Now it's time to upgrade the bulb :naughty:


----------



## FRITZHID (May 16, 2012)

well..... i'm limited cause of $. not to mention i'd LOVE the new reflector and board! lol (WAY beyond my budget now!!)


----------



## ma_sha1 (May 16, 2012)

FYI, modified HID usually doesn't sell well on CPF due to smaller amount of people into HID spotlights vs. led flashlights.

You may want to try put it on ebay, you may get a few bucks less but you'll get faster cash flow, which will help to make your hobby sustainable...

Not trying to drag you in deeper, but stock Gen II MB only does 2-3 million cps...


----------



## Echo63 (May 16, 2012)

ma_sha1 said:


> Not trying to drag you in deeper, but stock Gen II MB only does 2-3 million cps...

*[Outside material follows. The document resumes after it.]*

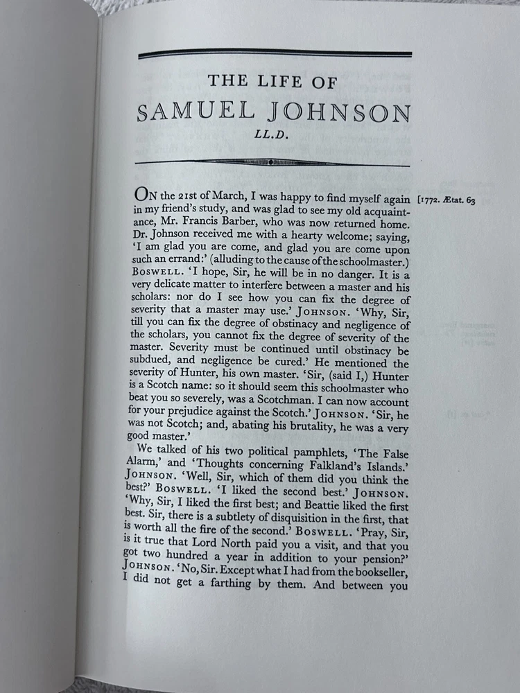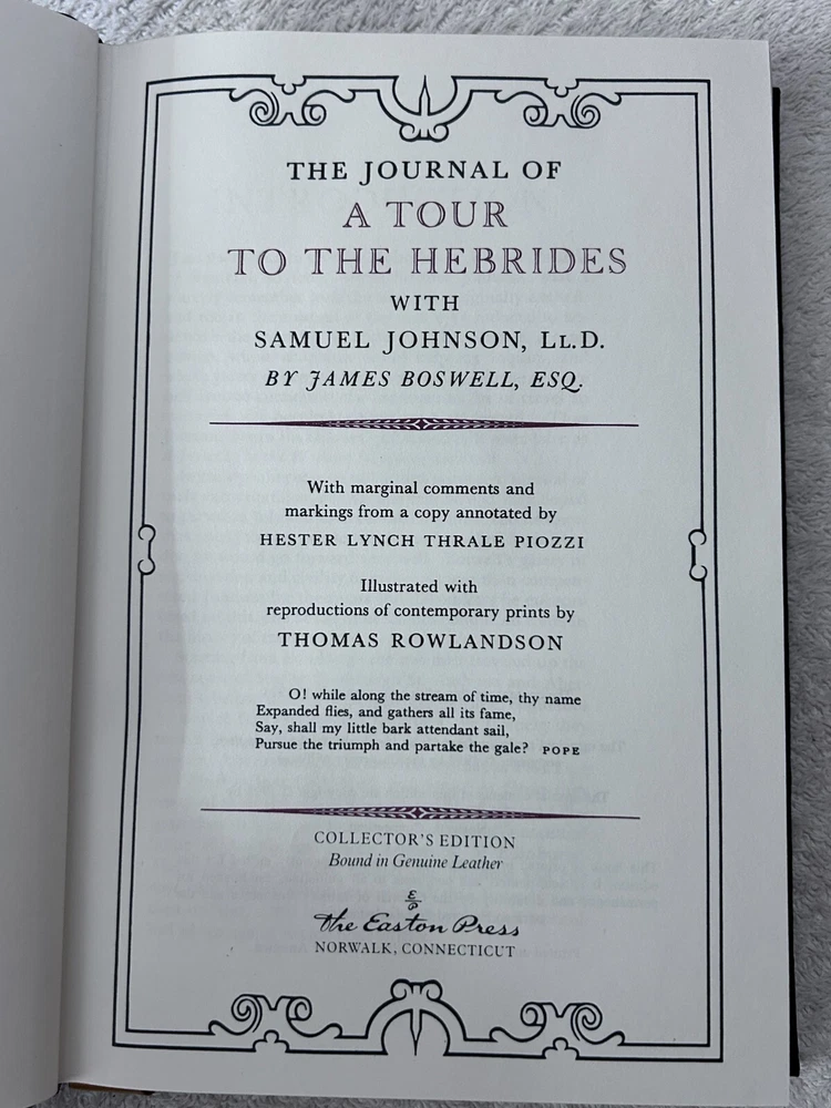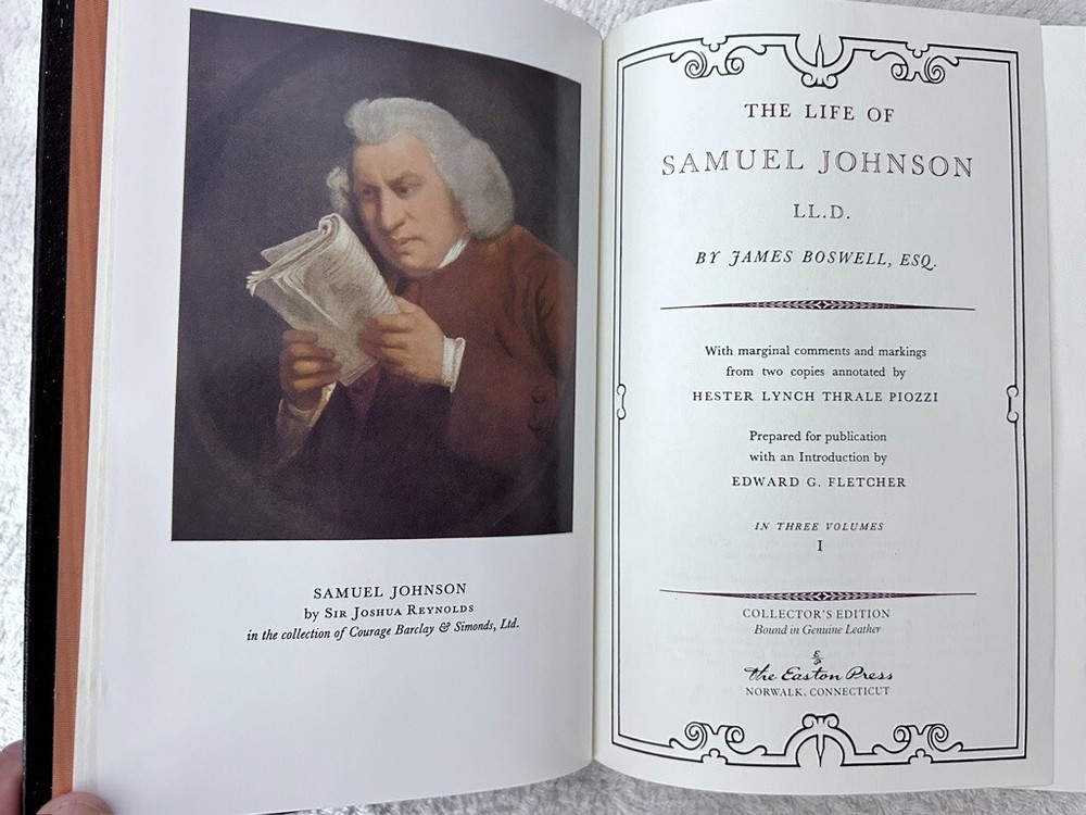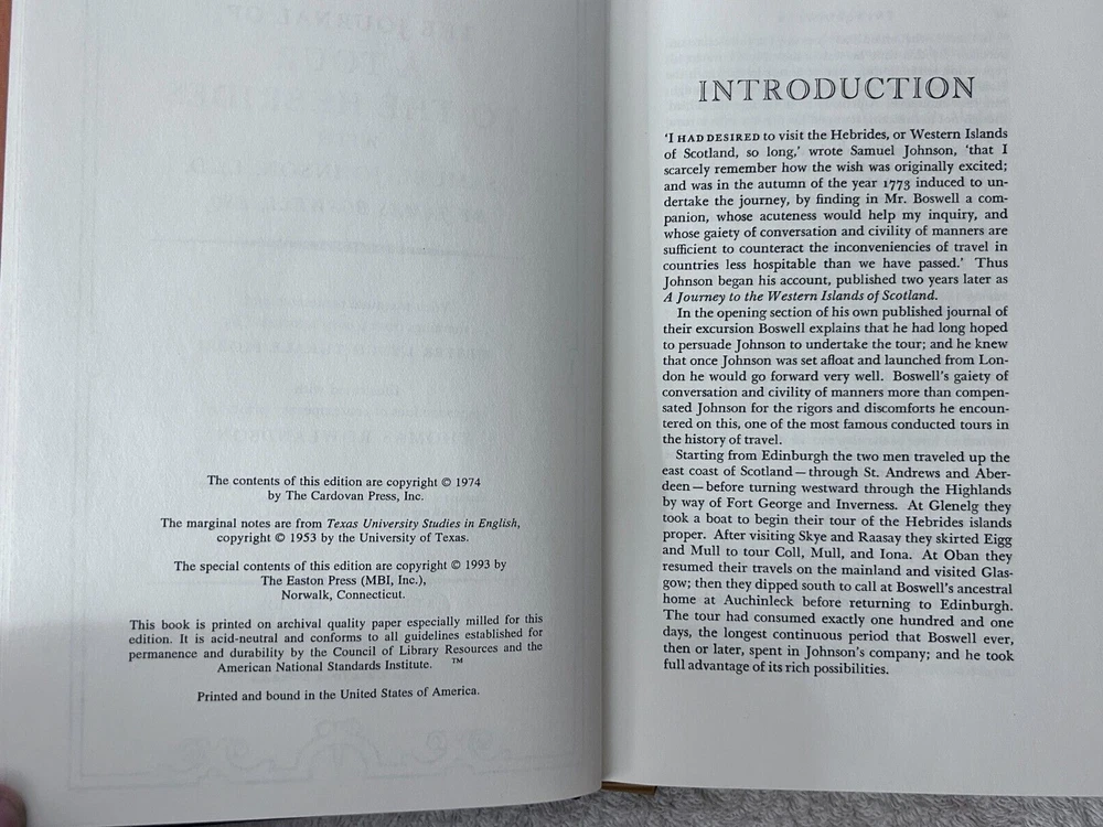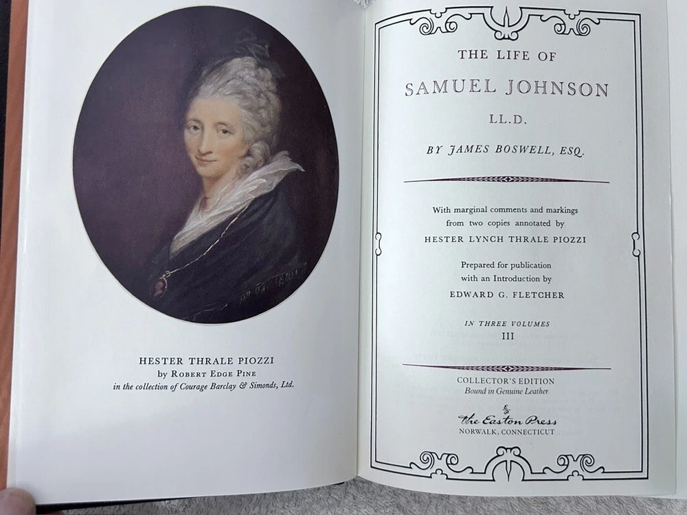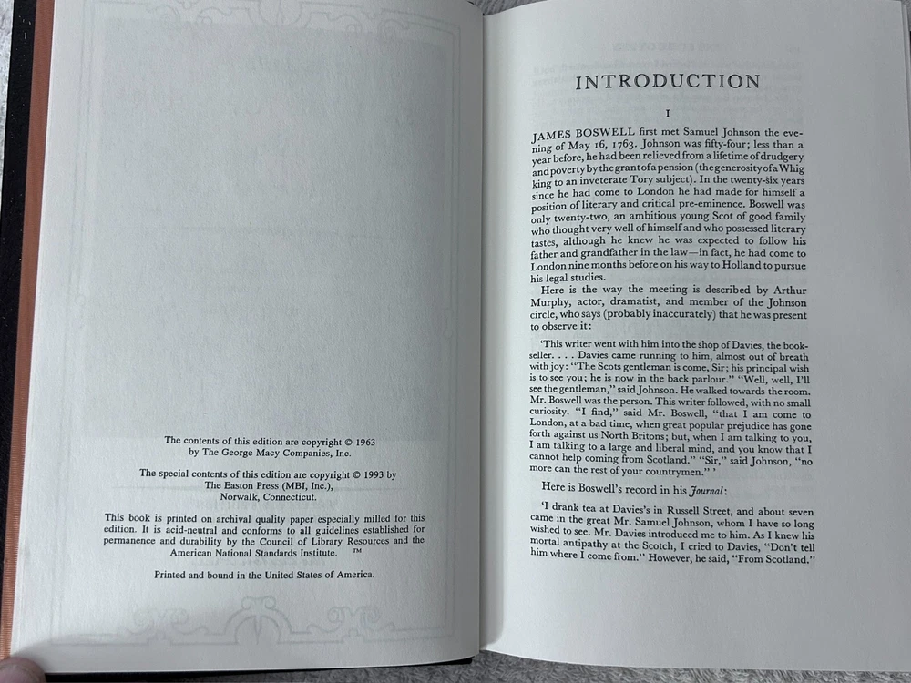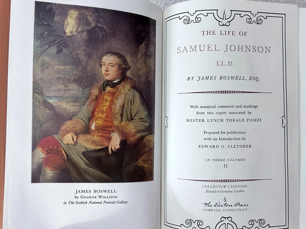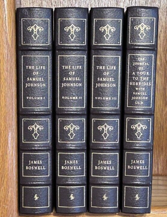 Features of this Easton Press Illustrated Collection include: Fully and tightly bound in genuine leather. 22kt gold accents deeply inlaid on the "hubbed" spine. Heavy duty binding boards enhance the book’s durability. Superbly printed on acid-neutral paper that lasts for generations. Sewn pages — not just glued like ordinary books. Handsome moiré endpages and a satin-ribbon page marker. Gilded page ends. Printed and bound in the USA using imported materials. Rigorous inspection at every stage ensures adherence to our exacting standards. Superb craftsmanship and commitment to quality. These Easton Press editions are printed on sturdy, acid-neutral paper specially milled for this edition that conforms to all guidelines established for permanence and durability by the Council of Library Resources and the American National Standards Institute. James Boswell, The Life of Samuel Johnson LL.D. Volume I, II & III and James Boswell, Tour to the Hebrides With Samuel Johnson LL.D. Easton Press, Norwalk CT 1993. James Boswell "The Life of Samuel Johnson" Full genuine leather. Howard Pyle (illustrator). Limited Edition. With marginal comments and markings from two copies annotated by Hester Lynch Thrale Piozzi. Prepared for publication with an introduction by Edward G Fletcher. Uniform brown leather bindings, distinct cover designs with decorations, frontispiece portrait in full color. This collection is now out of print. A complete matching set of four volumes. About Samuel Johnson Johnson, was an English writer who made lasting contributions to English literature as a poet, essayist, moralist, literary critic, biographer, editor and lexicographer. He was a devout Anglican and a generous philanthropist. Politically, he was a committed Tory. The Oxford Dictionary of National Biography describes Johnson as "arguably the most distinguished man of letters in English history". He is also the subject of James Boswell's The Life of Samuel Johnson, described by Walter Jackson Bate as "the most famous single work of biographical art in the whole of literature". Born in Lichfield, Staffordshire, Johnson attended Pembroke College, Oxford, for just over a year, but a lack of funds forced him to leave. After working as a teacher, he moved to London, where he began to write for The Gentleman's Magazine. His early works include the biography Life of Mr Richard Savage, the poems London and The Vanity of Human Wishes, and the play Irene. About James Boswell James Boswell, 9th Laird of Auchinleck (/ˈbɒzwɛl, -wəl/; 29 October 1740 – 19 May 1795), was a Scottish biographer and diarist, born in Edinburgh. He is best known for the biography he wrote of his friend and contemporary, the English literary figure Samuel Johnson, which is commonly said to be the greatest biography written in the English language. Boswell's surname has passed into the English language as a term (Boswell, Boswellian, Boswellism) for a constant companion and observer, especially one who records those observations in print. In "A Scandal in Bohemia", Sir Arthur Conan Doyle's character Sherlock Holmes affectionately says of Dr. Watson, who narrates the tales, "I am lost without my Boswell." Features Includes all the classic Easton Press qualities: * Premium Leather * Silk Moire Endleaves * Distinctive Cover Design * Hubbed Spine, Accented in Real 22KT Gold * Satin Ribbon Page Marker * Gilded Page Edges * Long-lasting, High Quality Acid-neutral Paper * Smyth-sewn Pages for Strength and Durability * Beautiful Illustrations

With a Ushio UXL-75XE in parker VH adapters it can easily double that - mine (with SLA battery) did 7.2million measured at 165 metres

Congrats on the new light, the Maxabeam is one of those lights that makes you giggle when you fire it up
I believe the current models are still the worlds furthest throwing commercially available handheld light (though i could be wrong)


----------



## FRITZHID (May 16, 2012)

well, i'm gonna hazard a guess and say it's the stock bulb.... if anyone knows where i can get a better bulb, new OR used, DIRT Cheap, (and i mean dirt), please let me know.  hopefully some day i'll be able to afford the gen III board! 
i'll have pix up thurs when it arrives!


----------



## BVH (May 16, 2012)

The waiting part is terrible unbearable!


----------



## bshanahan14rulz (May 16, 2012)

Fritz, congratulations! You like lasers, you like flashlights, why not mix the best of both worlds ;-)


----------



## FRITZHID (May 16, 2012)

bshanahan14rulz said:


> Fritz, congratulations! You like lasers, you like flashlights, why not mix the best of both worlds ;-)


ty Bsh.
ya know, it's funny that you say that because when i 1st saw a Maxabeam in use in a movie, based on the color, and the super tight and clean beam it made, i thought to myself "hmmm... i wonder if they dident just expand and un-collamate an argon ion laser for that light (and with the cord hanging out the back, i thought, maybe fiber optic, since i never put anything past tv/movie FX guys to "make it happen" in a film). wasen't till i did some searching around (and stumbling upon CPF, surprise surprise) that i learned they were actual lights, of HID type.... and thus my addiction began!


----------



## djans1397 (May 17, 2012)

Congrats on the MB Charles. I've wanted one of those for a while now... as all flashaholics have! I'm still wanting to try out one of your lights! I wished they were a tad smaller though as my only reference was my Barn Burner. But hey... bigger reflector... bigger throw! I'm sure they light up a field no problem though. I'd love to see more beam shops if you have any though. Enjoy your new toy 

Dan


----------



## FRITZHID (May 17, 2012)

djans1397 said:


> Congrats on the MB Charles. I've wanted one of those for a while now... as all flashaholics have! I'm still wanting to try out one of your lights! I wished they were a tad smaller though as my only reference was my Barn Burner. But hey... bigger reflector... bigger throw! I'm sure they light up a field no problem though. I'd love to see more beam shops if you have any though. Enjoy your new toy
> 
> Dan



well, now that i have a MB, i'm sure i'll be out to the farm again with even more comparison shots!  did u have some specific shots you'd like to see?


----------



## FRITZHID (May 17, 2012)

ok, after watching UPS.COM ALL DAMN DAY!!!!! it finally arrived a few mins ago. the batt was just charged enough to fire it up, but that was about it, so its on the Trickle charger :/
i'll prob makeshift a small pack to play with it tonight using the cig lighter adapter.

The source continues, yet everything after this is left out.